See here for more on MedtecLIVE partner ZVEI Fachverband Elektromedizinische Technik.

Proximity to medical product manufacturers is key

Cable specialist Leoni Special Cables GmbH, one of the exhibitors at the new MedtecLIVE trade fair in Nuremberg and an experienced Medtech supplier, is equally confident about the future. “Medical technology sales in the 2017 financial year were positive, and enjoyed stronger growth than expected,” says Birte Wendeln of Leoni. “This trend is an ongoing part of current business developments.” Like Bursig, she has her eye on the global market: “In 2018, the focus will be on expanding the US medical market. The demand by OEMs is “local for local,” which is in line with the calls by the US administration. A sign of how our medical technology business will expand from here is the establishment of a local manufacturing facility for the North American region.” In this way, the company aims to position itself closer to the medical technology manufacturers, and also involve itself in the development of medical products at an earlier stage.

For further information about MedtecLIVE exhibitor Leoni, see here.

Maintain dialogue

Early dialogue between manufacturers and suppliers makes the transfer of design and development work easier in cases where the ultimate goal is to implement development results in production. For Professor Christian Johner, owner of the consulting firm that bears his name, this design transfer is more than just a need imposed by ISO 13485 and requiring documented implementation. Rather, he encourages the notion of treating design transfer as something more than an isolated handover at the end of the development process: “Production must understand which development demands are essential in terms of ensuring the benefit of the product to the patient and minimising the risks to patients, users and third parties.” Johner offers some practical tips: “As a consequence, Production needs to be involved in numerous stages of the development process, e.g. at the very point of specifying the product requirements. Design review meetings are one way of involving Production at an early stage.”

Holger Frank, CEO of Mechatronic AG, a development service firm specialising in the medical technology sector, believes a careful view of the entire innovation process is essential: “A well documented design transfer to Production and a transparent supply chain are key elements in working together with cooperation partners to take a development project to a successful conclusion.”

For further information about MedtecLIVE exhibitor Mechatronic AG, see here.

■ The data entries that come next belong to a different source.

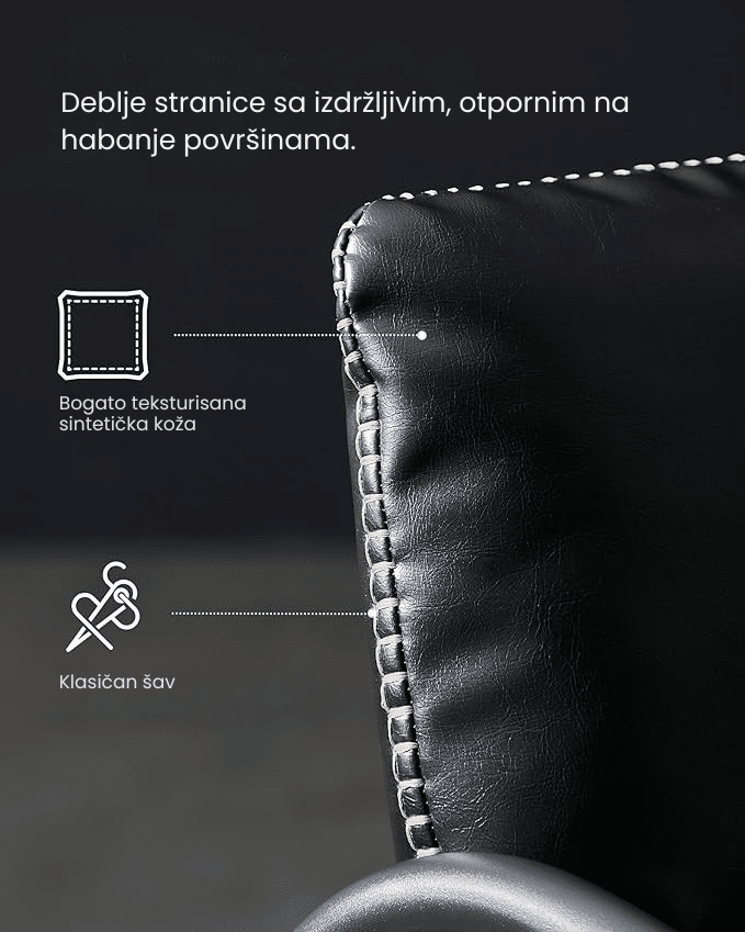 [Stil koji govori] Ova akcentna fotelja deo je kolekcije koja kombinuje bogato teksturisanu sintetičku kožu sa sofisticiranim šavom. Osećaj poštovanja prema majstorstvu pomaže vam da stvorite dom koji mnogo govori o stilu.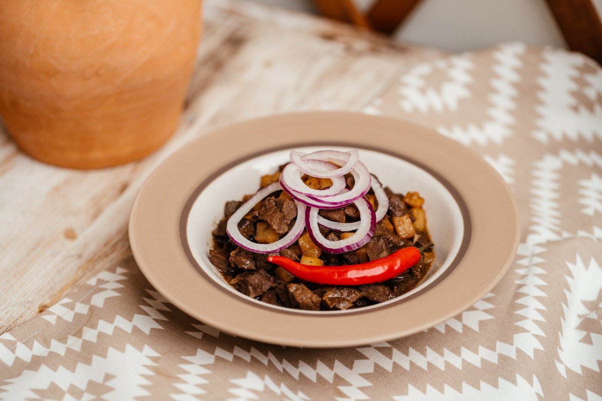 классика казахской кухни, где сочное мясо жеребца тушится с ароматным картофелем, пропитываясь специями и соком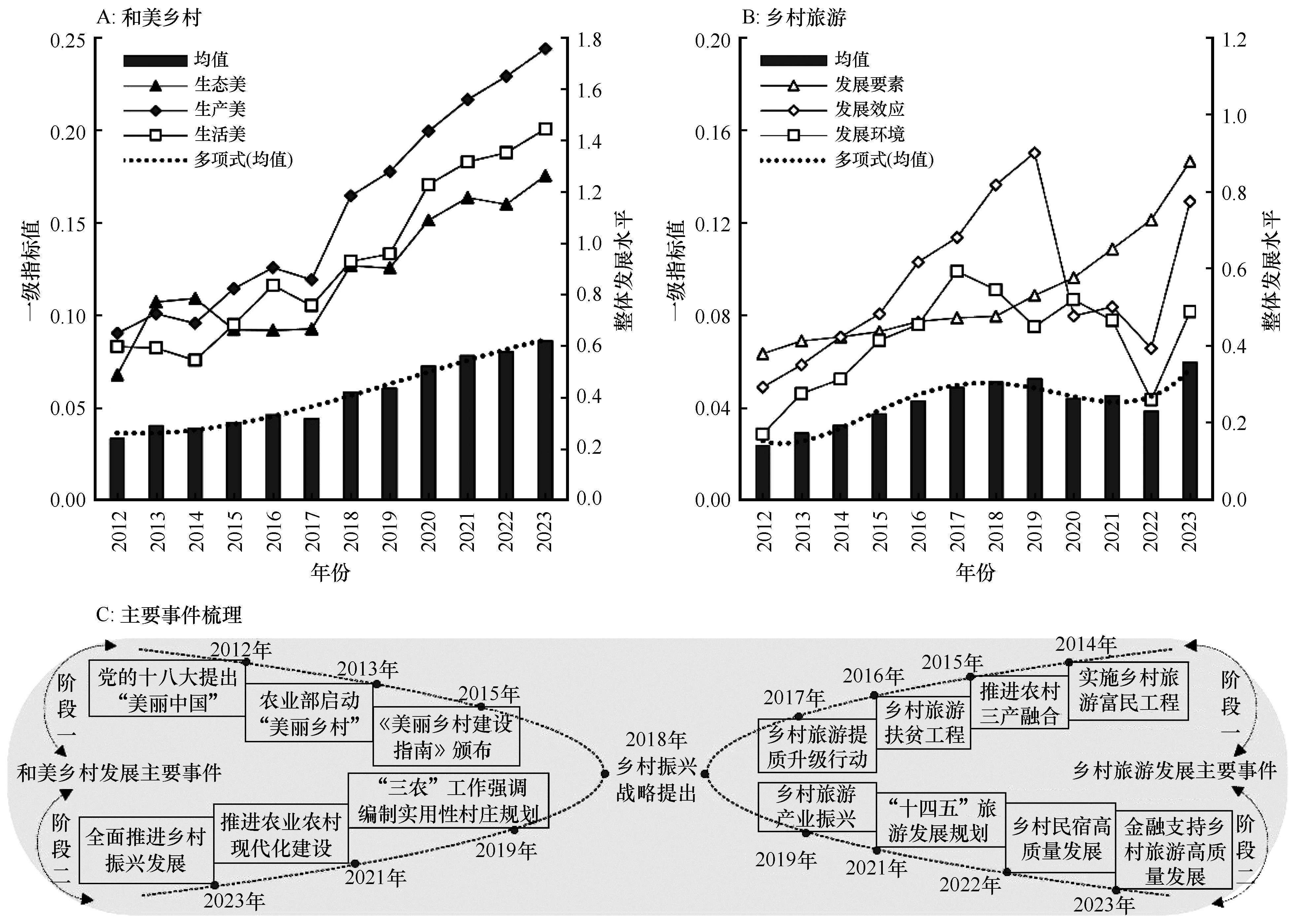 | 图2 2012—2023年和美乡村与乡村旅游发展水平 |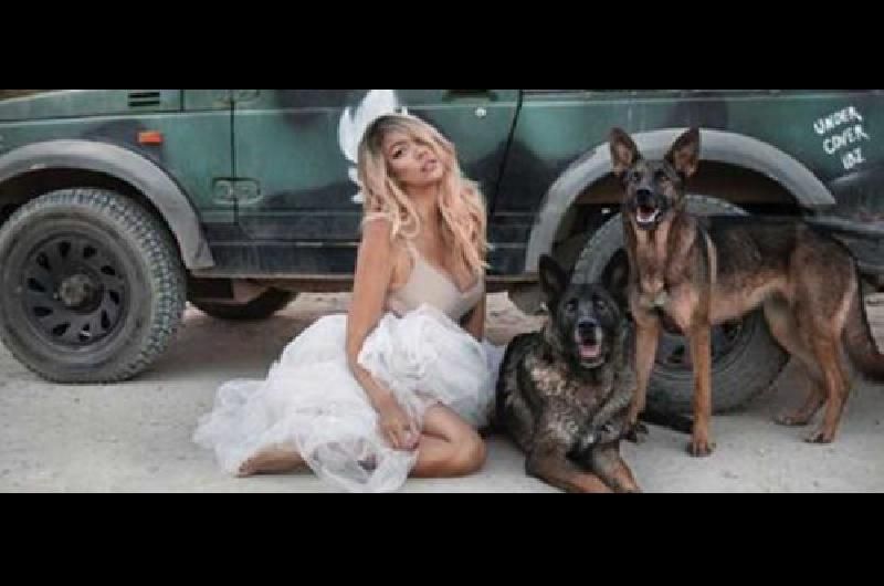 Wanda Nara protagonizó una sesión fotográfica con un par de perros y con un jeep verde de fondo.

Wendeln draws on an example from Leoni to show that this iterative process offers clear advantages for the manufacturer: it is important to ensure right at the product design stage that cables do not become kinked, for example. Sometimes, the demands in terms of cable specifications are too stringent – for example, a manufacturer may design a product capable of withstanding millions of automatic sequences, even though the device is intended to be operated manually. In such cases, it is possible to aim a little lower than the specifications to save costs. “And sometimes we will say on the basis of experience that the demands on a product will actually be higher than the manufacturer originally planned,” says Wendeln. In such cases, the specifications need to be adjusted upwards at an early stage.

Design transfer is therefore not a one-way street in which the supplier must simply implement the manufacturer’s instructions to the letter. In the best case, suppliers and OEMs will develop the product together: the suppliers can provide their specific knowledge and as much expertise as possible regarding how the medical product will subsequently be used in hospitals, practice or other care environment. This practical knowledge will be available to interested suppliers at the MedTech Summit and MedtecLIVE via presentations and discussion with manufacturers.